**RECORDS FOR THE TASK:**
_____
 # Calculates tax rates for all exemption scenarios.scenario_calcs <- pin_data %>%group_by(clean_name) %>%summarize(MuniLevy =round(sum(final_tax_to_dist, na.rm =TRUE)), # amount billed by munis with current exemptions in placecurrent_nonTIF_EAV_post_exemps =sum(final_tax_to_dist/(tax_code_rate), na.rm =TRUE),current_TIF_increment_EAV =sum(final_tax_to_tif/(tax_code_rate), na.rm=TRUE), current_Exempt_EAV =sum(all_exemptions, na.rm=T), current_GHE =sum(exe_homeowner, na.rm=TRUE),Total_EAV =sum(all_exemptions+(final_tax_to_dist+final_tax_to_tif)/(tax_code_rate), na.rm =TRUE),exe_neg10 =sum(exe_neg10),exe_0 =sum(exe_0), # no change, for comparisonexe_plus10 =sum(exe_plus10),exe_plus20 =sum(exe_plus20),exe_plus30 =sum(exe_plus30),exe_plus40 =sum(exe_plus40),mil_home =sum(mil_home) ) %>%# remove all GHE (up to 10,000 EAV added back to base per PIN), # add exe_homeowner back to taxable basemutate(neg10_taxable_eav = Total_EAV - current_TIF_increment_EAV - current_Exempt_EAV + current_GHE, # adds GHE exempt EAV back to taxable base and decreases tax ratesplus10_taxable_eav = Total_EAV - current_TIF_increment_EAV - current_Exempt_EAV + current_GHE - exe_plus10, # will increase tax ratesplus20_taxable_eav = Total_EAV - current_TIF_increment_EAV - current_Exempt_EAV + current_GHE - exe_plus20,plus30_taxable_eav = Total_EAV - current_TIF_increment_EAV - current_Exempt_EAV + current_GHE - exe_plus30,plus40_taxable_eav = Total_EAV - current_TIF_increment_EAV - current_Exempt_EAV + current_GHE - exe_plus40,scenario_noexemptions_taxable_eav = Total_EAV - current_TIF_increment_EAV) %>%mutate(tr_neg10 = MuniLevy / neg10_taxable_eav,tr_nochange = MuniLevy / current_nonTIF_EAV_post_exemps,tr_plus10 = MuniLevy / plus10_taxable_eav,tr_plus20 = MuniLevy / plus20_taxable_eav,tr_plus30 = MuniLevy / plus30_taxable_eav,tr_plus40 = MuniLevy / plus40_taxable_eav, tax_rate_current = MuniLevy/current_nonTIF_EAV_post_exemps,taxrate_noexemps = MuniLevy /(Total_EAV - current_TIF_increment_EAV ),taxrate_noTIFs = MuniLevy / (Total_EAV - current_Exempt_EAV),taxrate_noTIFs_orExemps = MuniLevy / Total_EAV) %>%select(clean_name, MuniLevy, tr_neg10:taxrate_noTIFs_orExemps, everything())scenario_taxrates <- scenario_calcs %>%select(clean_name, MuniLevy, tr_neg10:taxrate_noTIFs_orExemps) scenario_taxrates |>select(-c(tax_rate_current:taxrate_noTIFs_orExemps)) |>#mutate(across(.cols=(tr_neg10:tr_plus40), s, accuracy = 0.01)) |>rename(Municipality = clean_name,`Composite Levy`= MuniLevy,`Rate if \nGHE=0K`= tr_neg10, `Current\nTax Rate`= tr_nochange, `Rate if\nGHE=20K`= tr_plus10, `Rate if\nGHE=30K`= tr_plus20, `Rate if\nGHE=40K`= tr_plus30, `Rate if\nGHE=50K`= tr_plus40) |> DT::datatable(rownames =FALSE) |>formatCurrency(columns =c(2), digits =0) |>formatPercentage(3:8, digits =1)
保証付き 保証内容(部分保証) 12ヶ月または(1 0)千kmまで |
_____
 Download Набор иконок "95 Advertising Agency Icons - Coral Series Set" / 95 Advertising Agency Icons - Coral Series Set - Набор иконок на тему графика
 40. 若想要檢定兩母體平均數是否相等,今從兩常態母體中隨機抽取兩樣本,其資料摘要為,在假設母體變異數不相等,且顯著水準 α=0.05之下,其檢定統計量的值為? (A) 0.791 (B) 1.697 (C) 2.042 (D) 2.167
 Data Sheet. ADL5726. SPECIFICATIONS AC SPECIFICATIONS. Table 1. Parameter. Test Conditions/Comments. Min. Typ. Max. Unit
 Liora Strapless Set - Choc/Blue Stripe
_____
**DESCRIPTION OF THE TASK:**
Reproduce exactly, and with no other material, the lines between those holding "2.042 (D) 2.167" and "Liora Strapless Set - Choc/Blue Stripe", inclusive.

**TASK ANSWER:**
 40. 若想要檢定兩母體平均數是否相等,今從兩常態母體中隨機抽取兩樣本,其資料摘要為,在假設母體變異數不相等,且顯著水準 α=0.05之下,其檢定統計量的值為? (A) 0.791 (B) 1.697 (C) 2.042 (D) 2.167
 Data Sheet. ADL5726. SPECIFICATIONS AC SPECIFICATIONS. Table 1. Parameter. Test Conditions/Comments. Min. Typ. Max. Unit
 Liora Strapless Set - Choc/Blue Stripe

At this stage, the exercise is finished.